In Table 2 we can observe that fasting plasma glucose in the HIV group (82 ± 7 mg/dL) was similar to controls (79 ± 11 mg/dL). Fasting serum insulin levels were modestly but significantly elevated in HIV patients (10.1 ± 5.4 × 7.0 ± 2.5 μU/mL p > 0.05) and in accordance, the HOMA index was higher in HIV patients (1.9 ± 0.9 × 1.5 ± 0.6 p < 0.05). Fasting plasma triglycerides were higher in the HIV group than in the controls (158 ± 91 × 78 ± 27 mg/dL p < 0.001). Fasting total and LDL cholesterol levels were similar in the HIV and controls. Mean HDL-C was lower in the HIV group than in the control group (50.9 ± 15.7 × 57.2 ± 12.3 mg/dL p < 0.05), and the ratio of triglycerides to HDL was also higher in HIV patients (3.8 ± 3.2 × 1.5 ± 0.7 p < 0.001). All the HIV patients were on stable HAART and plasma HIV-1 viral load was undetectable in 79% of the patients, and the T CD4+ lymphocytes number was over 350 in 95% of these patients. The levels of visfatin, leptin and adiponectin were similar between controls and HIV patients (Table 2). However, circulating levels of LPS were higher in HIV patients than in controls (0.23 ± 0.25 × 0.10 ± 0.1 EU/mL p = 0.01) (Table 2 and Fig. 1).
Table 2

Clinical and laboratory of study population

Variables

Control

HIV

Number

10

67

Fasting plasma glucose (mg/dL)

79.2 ± 11

82.2 ± 7

Triglycerides (mg/dL)

78.8 ± 27.5

158.3 ± 91.2**

Total cholesterol (mg/dL)

173.1 ± 19.8

189.0 ± 45

LDL (mg/dL)

101.4 ± 28.6

107.9 ± 36.08

HDL (mg/dL)

57.2 ± 12.3

50.9 ± 15.7*

Visfatin (ng/mL)

4.5 ± 1.2

6.9 ± 6.2

Leptin (ng/mL)

8.7 ± 6.7

6.8 ± 7.5

Adiponectin (μg/mL)

9.1 ± 3.1

9.0 ± 9.14

Trig/HDL

1.5 ± 0.7

3.76 ± 3.18**

Insulin (μU/mL)

7.0 ± 2.5

10.1 ± 5.4*

HOMA

1.5 ± 0.6

1.9 ± 0.9*

LPS (EU/mL)

0.08 ± 0.05

0.23 ± 0.25*

* p < 0.05, ** p < 0.001

Fig. 1

Circulating levels of LPS and Spearman correlation between circulating LPS leaves and selected insulin resistance index. a LPS circulating levels in controls (CTL), HIV patients, HIV patients with lipodystrophy (HIV/Lipo(+)) and without lipodystrophy (HIV/Lipo(−)) #p < 0.05 vs. control. b Correlation between LPS and TG (Triglycerides) (r = 0.49, p = 0.0001), between LPS and TG/HDL (r = 0.50, p = 0.0001), between LPS and insulin (r = 0.52, p = 0.0003), and between LPS and HOMA-IR (r = 0.52, p = 0.0005), in the entire group. O: HIV patients

In this regard, when we divided the HIV patients into two groups (with lipodystrophy and without lipodystrophy) the increase in LPS circulating levels were more evident in patients with lipodystrophy (0.42 ± 0.30 × 0.10 ± 0.1 EU/mL p = 0.01) than in patients without this abnormality 0.21 ± 0.16 × 0.10 ± 0.1 EU/mL p = 0.03), compared to controls in both situations. The levels of adiponectin were significantly lower in HIV patients with lipodystrophy (7.1 µg/mL × 10.1 µg/mL p < 0.02), but no differences in the levels of leptin or visfatin were observed between the groups.

Correlations

Related to the index of insulin resistance in HIV patients there was a positive correlation between insulin and TG/HDL (r = 0.64, p = 0.0001), between HOMA and TG/HDL (r = 0.61, p = 0.0001) and a negative correlation was seen between adiponectin and TG/HDL (r = − 0.50, p = 0.0011).

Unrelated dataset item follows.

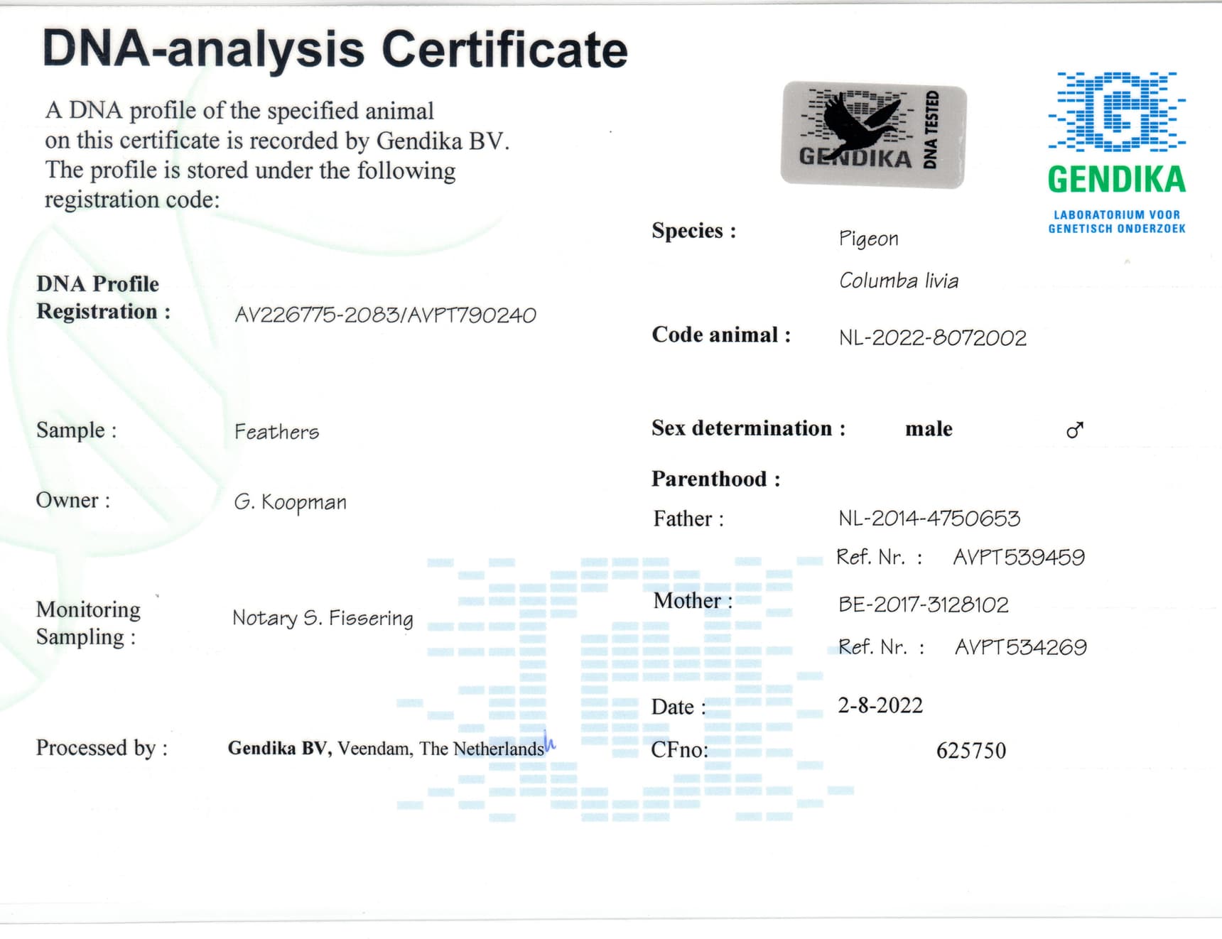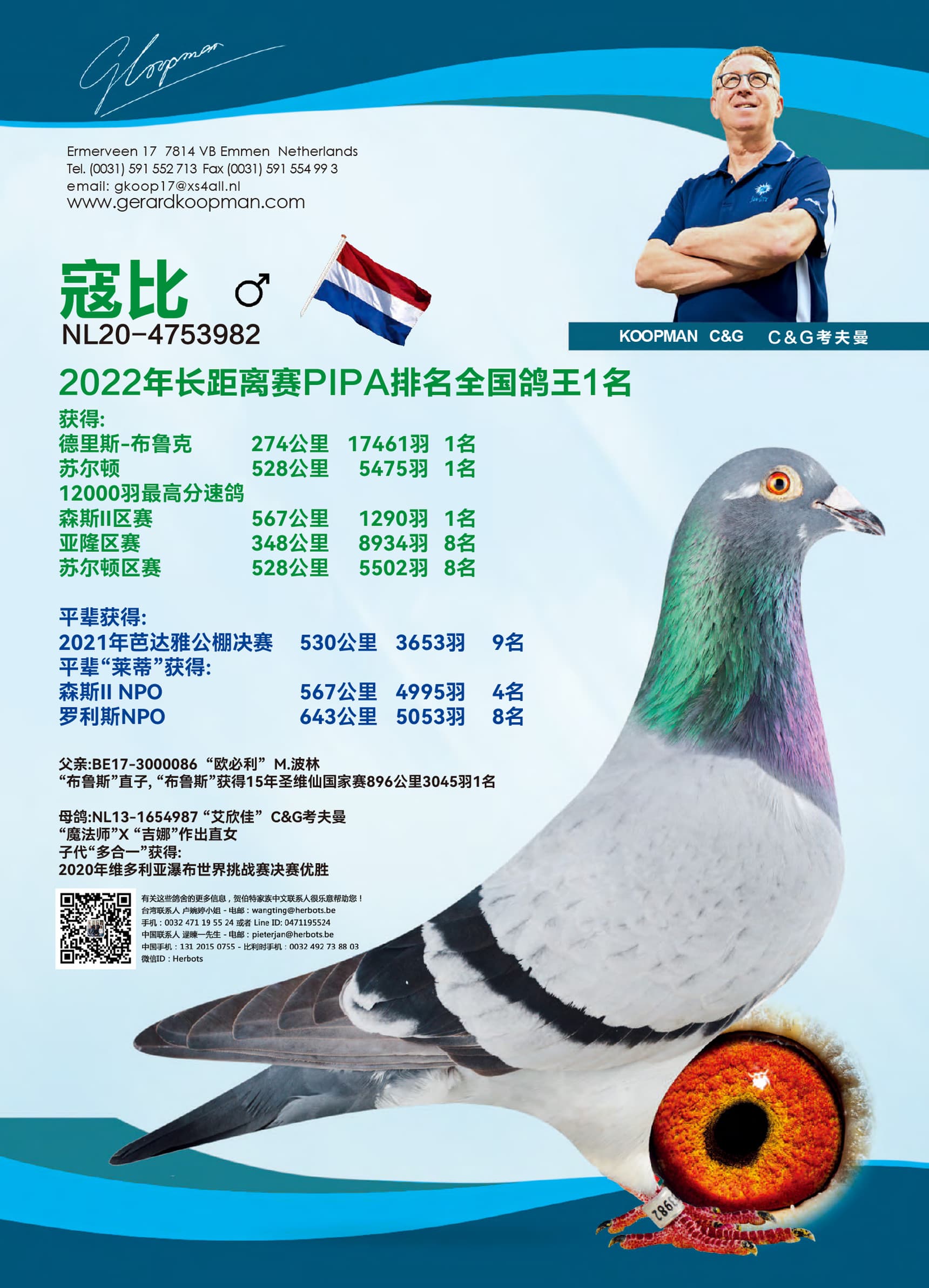 顶级鸽们“菲迪彼得斯”和“汉德瑞克斯”之半兄弟

There was a weak inverse correlation between the number of CD4+ T cells and TG/HDL (r = 0.22 p < 0.05), and HOMA (r = 0.23 p < 0.04). However, no correlation was observed between CD4+ and LPS, but in very high LPS levels (> 0.5 EU/ml) there was a clear positive correlation between these two parameters (r = 0.94 p < 0.01).

There was a negative correlation between LPS and HDL (r = − 0.49, p = 0.0001), and a positive correlation between LPS and TG (r = 0.49, p = 0.0001), between LPS and TG/HDL (r = 0.50, p = 0.0001), between LPS and insulin (r = 0.52, p = 0.0003) and between LPS and HOMA-IR (r = 0.52, p = 0.0005), in HIV patients on HAART (Fig. 1). We found no significant correlations between BMI and total central fat or LPS levels, between LPS and adiponectin, visfatin or leptin.

Discussion

In the present study, we investigated the role of hormones produced by adipose tissue and LPS plasma levels, which is a marker of intestinal permeability, in the insulin resistance in HIV patients. Our results demonstrated an increase in LPS levels in HIV patients, suggesting a relationship between LPS levels and metabolic alterations, particularly affecting lipids and insulin resistance in these patients. On the other side, the hormones visfatin, adiponectin, and leptin did not show significant alterations in HIV patients on HAART.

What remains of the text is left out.